Background: The diagnosis of HIV infection is important among different groups.
Moreover, combination antiretroviral therapy is used to treat HIV-1, but it cannot eradicate the infection.
Thus, the development of therapeutic vaccines, along with antiretroviral therapy, is recommended.
This study evaluates the values of four HIV proteins as antigen candidates in therapeutic
vaccine design as well as a possible diagnostic marker for HIV infection in humans.

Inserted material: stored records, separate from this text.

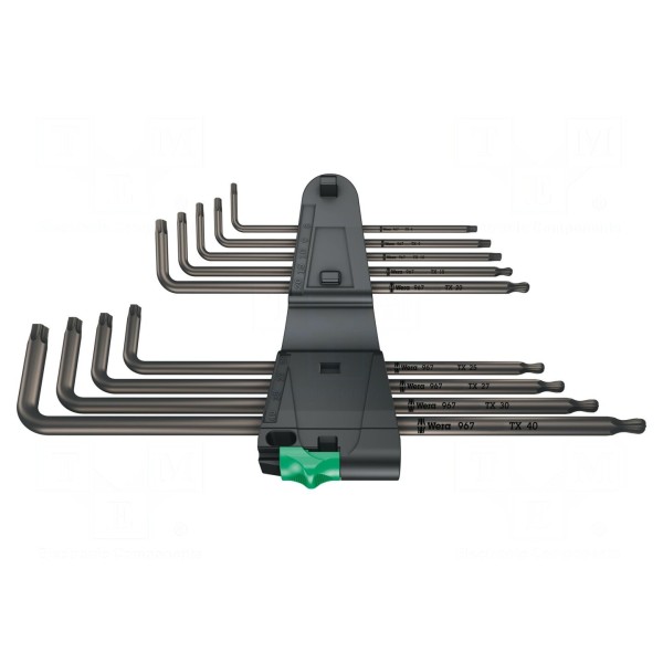 Zestaw kluczy typu Torx obejmuje dziewięć rozmiarów: TX8, TX9, TX10, TX15, TX20, TX25, TX27, TX30 oraz TX40. Narzędzia charakteryzują się czernioną powierzchnią, co zabezpiecza je przed korozją. Wykorzystane w konstrukcji dłuższych ramion kuliste zakończenie pozwala na pracę pod kątem, co ułatwia dostęp do śrub w miejscach o ograniczonej przestrzeni.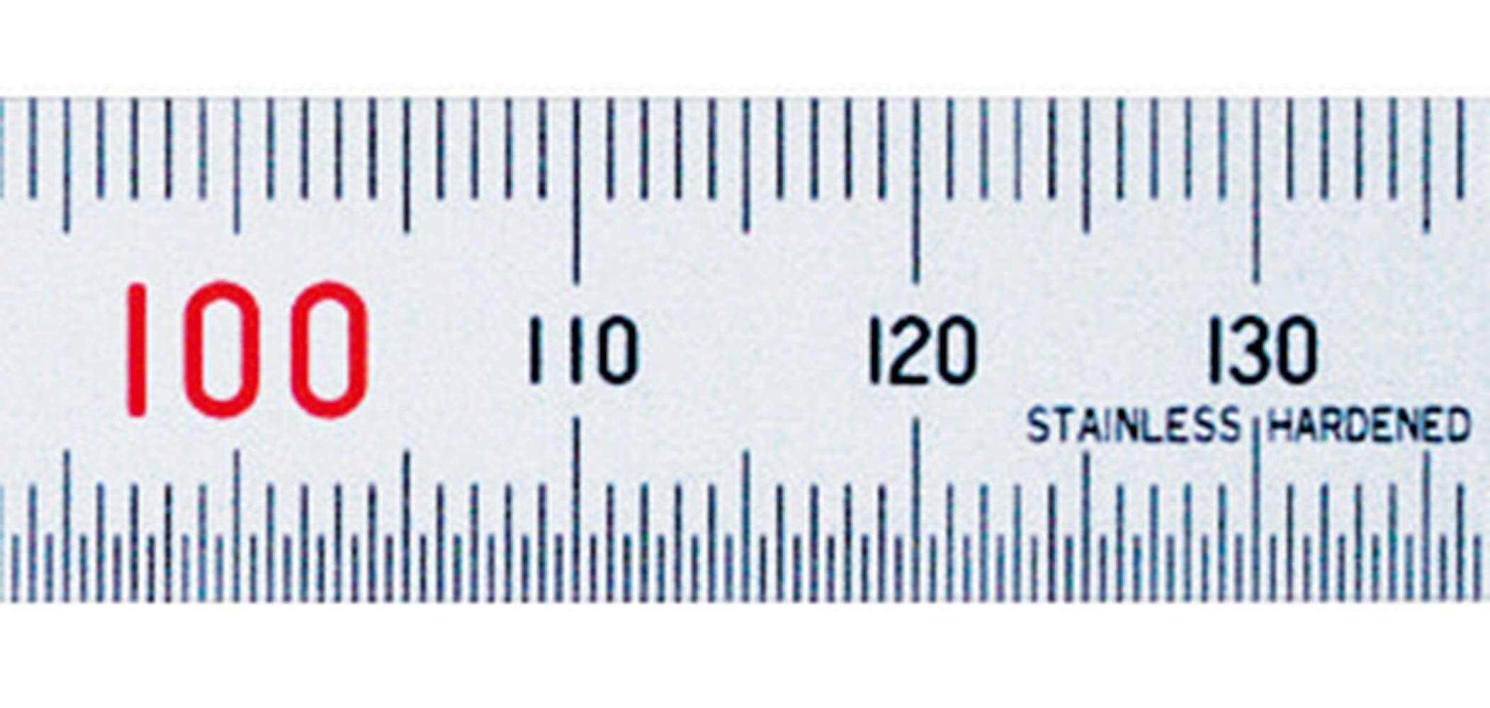 ●ストッパー付<Br>●裏面:インチ換算表<Br>●全長(mm):175<Br>●幅(mm):22<Br>●厚み(mm):5<Br>●呼び寸法(mm):150<Br>●上段(ピッチ):1mm<Br>●下段(ピッチ):0.5mm<Br>●質量(g):20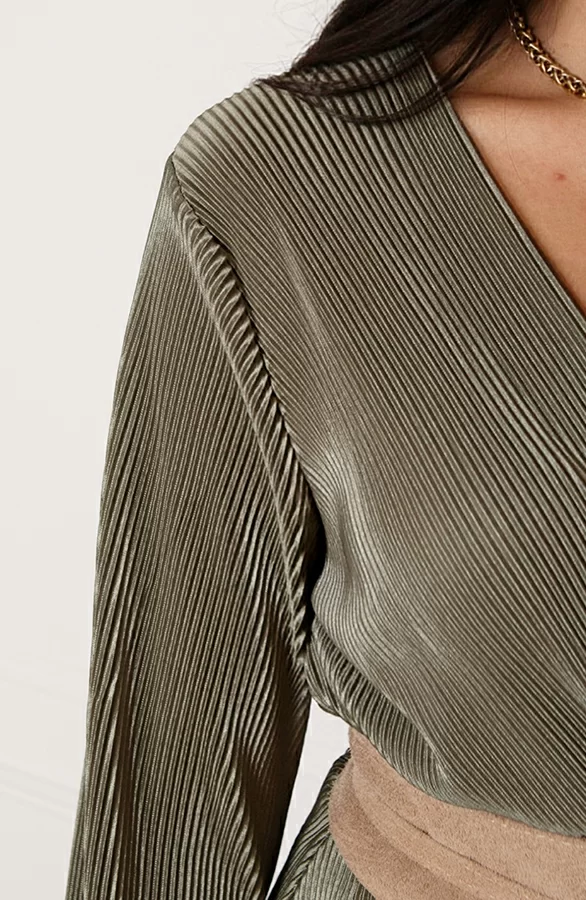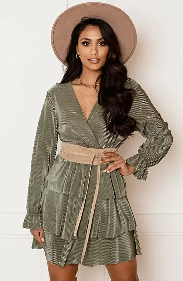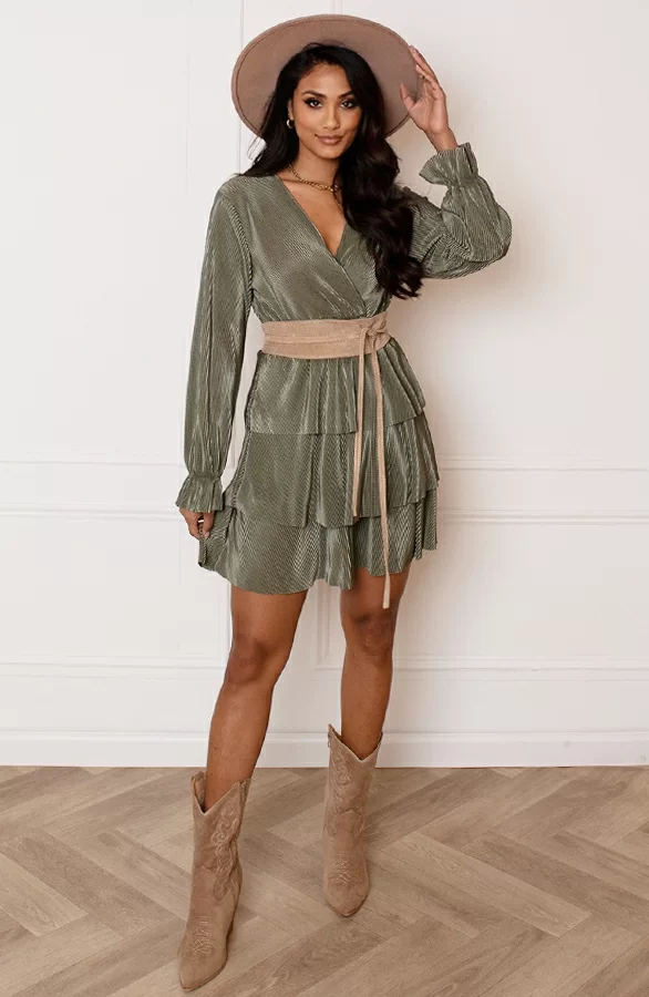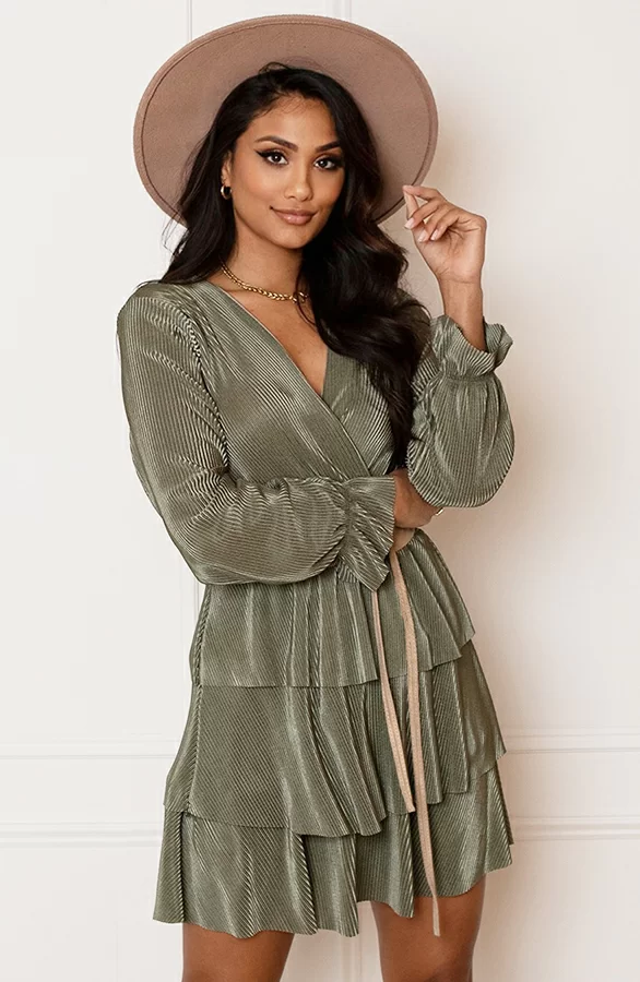 Met deze jurk is het elke dag een feestje! De plisse dress is voorzien van lange mouwen en een v-hals.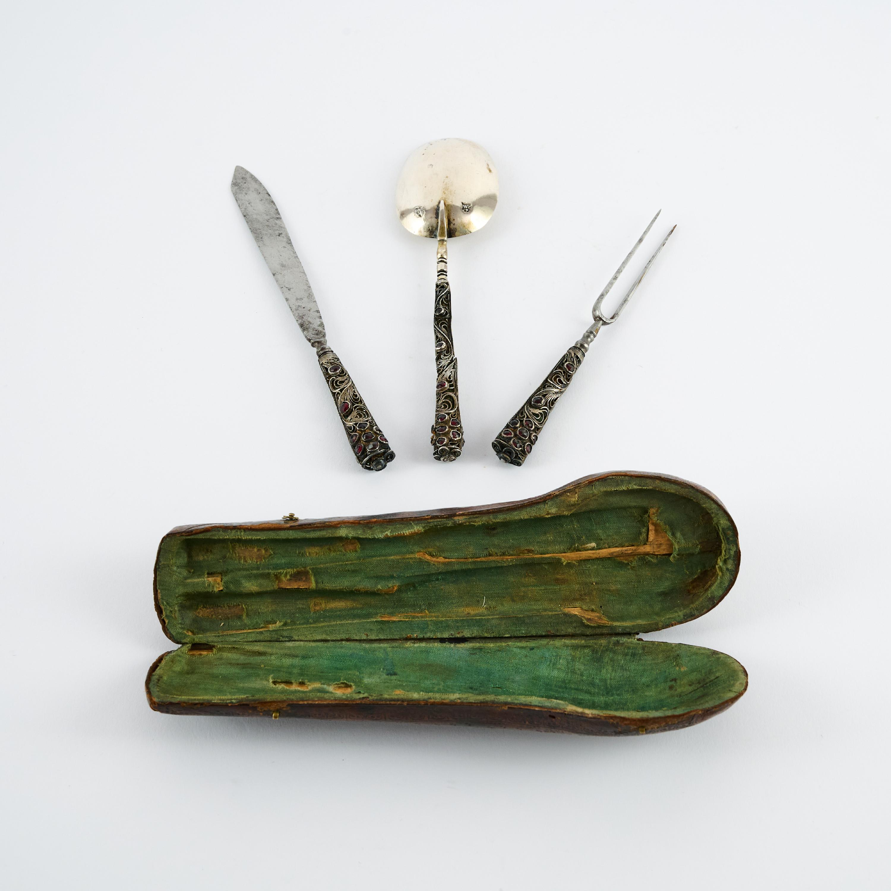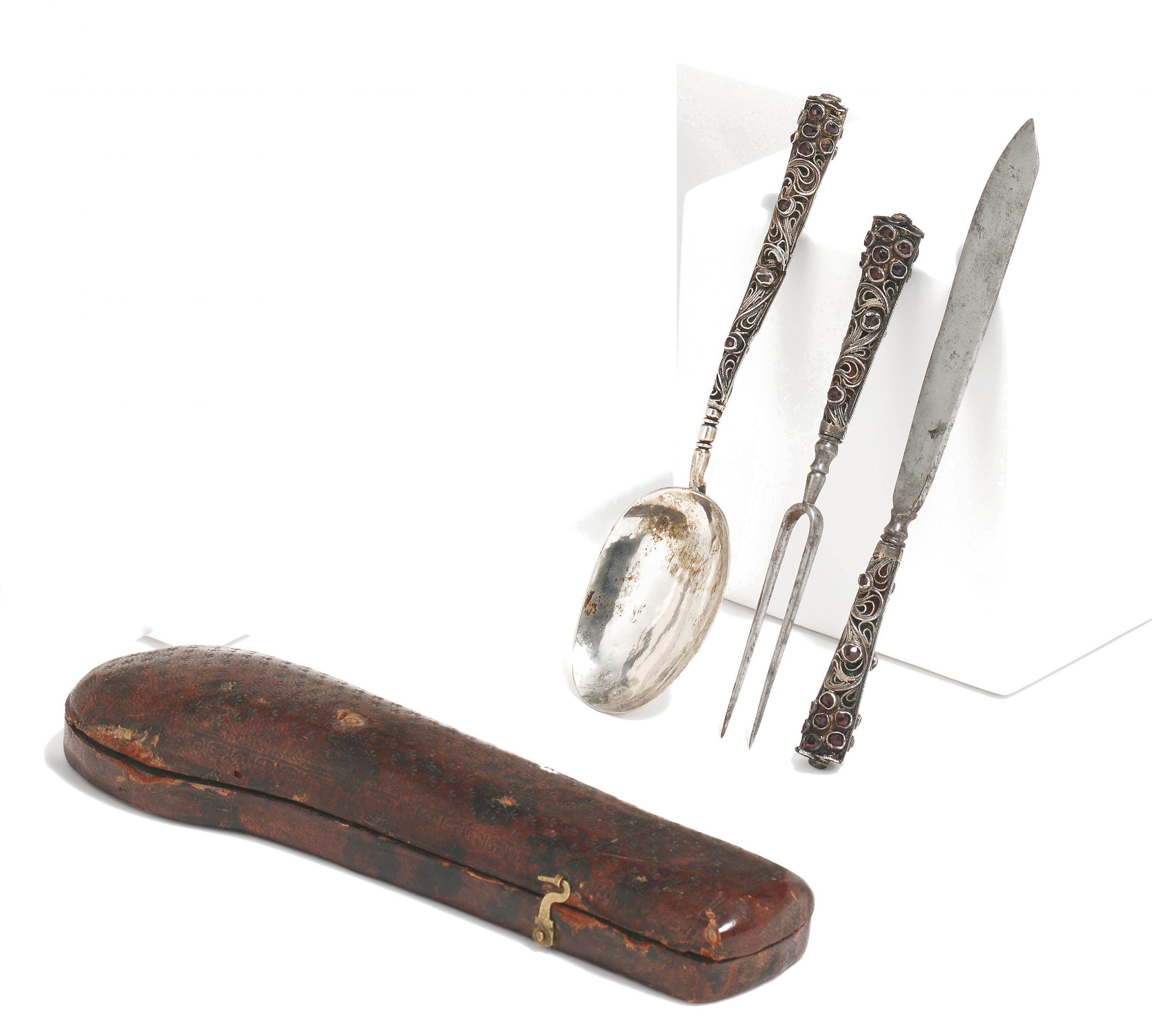 Beschreibung: Bestehend aus einem Messer, Löffel und zweizinkiger Gabel.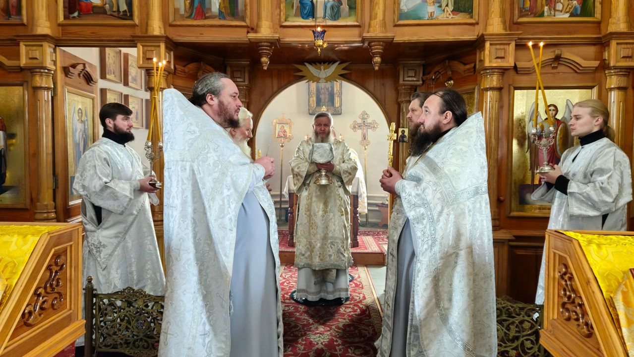 В течение Литургии возносились сугубые молитвы о новопреставленном архимандрите Пимене, прошения о прощении его грехов и о даровании ему блаженной вечной жизни в обителях небесных.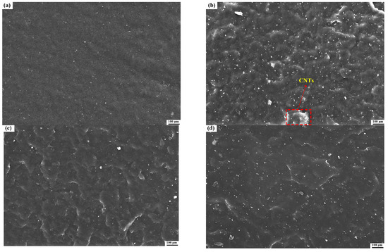 The dispersion state of the nano-fillers in the composites had an impact on their mechanical properties. To further study the dispersion and aggregation of the CNTs@PDA in the TPI, the sectional morphology of the composite was investigated with SEM. The cross-section of the neat TPI was relatively flat and smooth with typical brittle fracture characteristics. Figure 12b shows that the CNTs had a large-scale aggregation, and the cross-section became coarser, as compared to that of the neat TPI. Even though they had the same additional contents, the cross-section of the TPI/CNTs@PDA composites had no aggregation, indicating that the PDA further improved the dispersion of the CNTs in the TPI matrix. In addition, with the gradually increased CNTs@PDA content, a large number of small cracks appeared in the composite, and the density and depth gradually increased. This fracture behavior was due to the strong interfacial interaction between the PDA-modified CNTs and the TPI matrix. More effective stress was transferred from the TPI matrix to the CNTs with high modulus, which inhibited the crack propagation in the matrix on a larger scale, leading to the roughness seen in the cross-section of the composites. The addition of the PDA-coated CNTs improved the fracture toughness of the TPI matrix. However, when the content of CNTs@PDA exceeded 2.4 phr, there was still some small-scale aggregation, and the crack density decreased to a certain extent, as shown in Figure 12g. The suggested cause for this could be that with the increased packing content, the CNTs coated with PDA could still have had a strong association with each other, which could have led to their weak dispersion in the TPI matrix.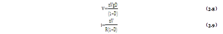 現(xiàn)在來分析它的工作原理:當Q導(dǎo)通時,二極管截止,根據(jù)電路知識可知此時VL=Vg,ic=-V/R;當Q截止時,二極管D導(dǎo)通,VL=-V/n,ic=i/n-V/R。由伏秒平衡和電容充放電平衡可得: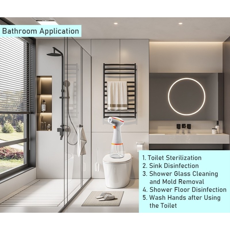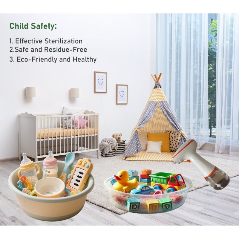 ✔ Pulveriza en inodoros, orinales, generadores de oxígeno, equipos de ejercicio, juguetes infantiles y cualquier superficie de contacto frecuente para evitar la contaminación cruzada y microbiana.

Methods: In this study, the HIV-1 Tat and Rev regulatory proteins and structural Gp120 and p24
proteins were generated in E. coli expression system. Their immunogenicity was evaluated in BALB/
c mice using homologous and heterologous prime/boost strategies. Moreover, the detection of anti-
HIV IgG antibodies against these recombinant proteins was assessed in untreated (Naïve/ HIV-infected),
treated, and drug-resistant patients compared to the healthy (control) group as a possible diagnostic
marker for HIV infection.
Results: In humans, our results showed that among HIV-1 proteins, anti-Gp120 antibody was not
detected in treated individuals compared to the healthy (control) group. The levels of anti-Gp120
antibody were significantly different between the treated group and Naïve as well as drug-resistant
subjects. Moreover, the level of anti-p24 antibody was significantly lower in the treated group than
the Naive group. In mice, the results of immunization indicated that the Rev antigen could significantly
induce IgG2a, IgG2b, and IFN-γ secretion aimed at Th1 response as well as Granzyme B
generation as CTL activity in comparison with other antigens. Furthermore, the heterologous DNA
prime/ protein boost regimen was more potent than the homologous regimen for stimulation of cellular
Conclusion: Briefly, the levels of both anti-Gp120 and anti-p24 antibodies can be considered for
the diagnosis of the HIV-infected individuals in different groups compared to the healthy group.
Moreover, among four recombinant proteins, Rev elicited Th1 cellular immunity and CTL activity
in mice as an antigen candidate in therapeutic vaccine development.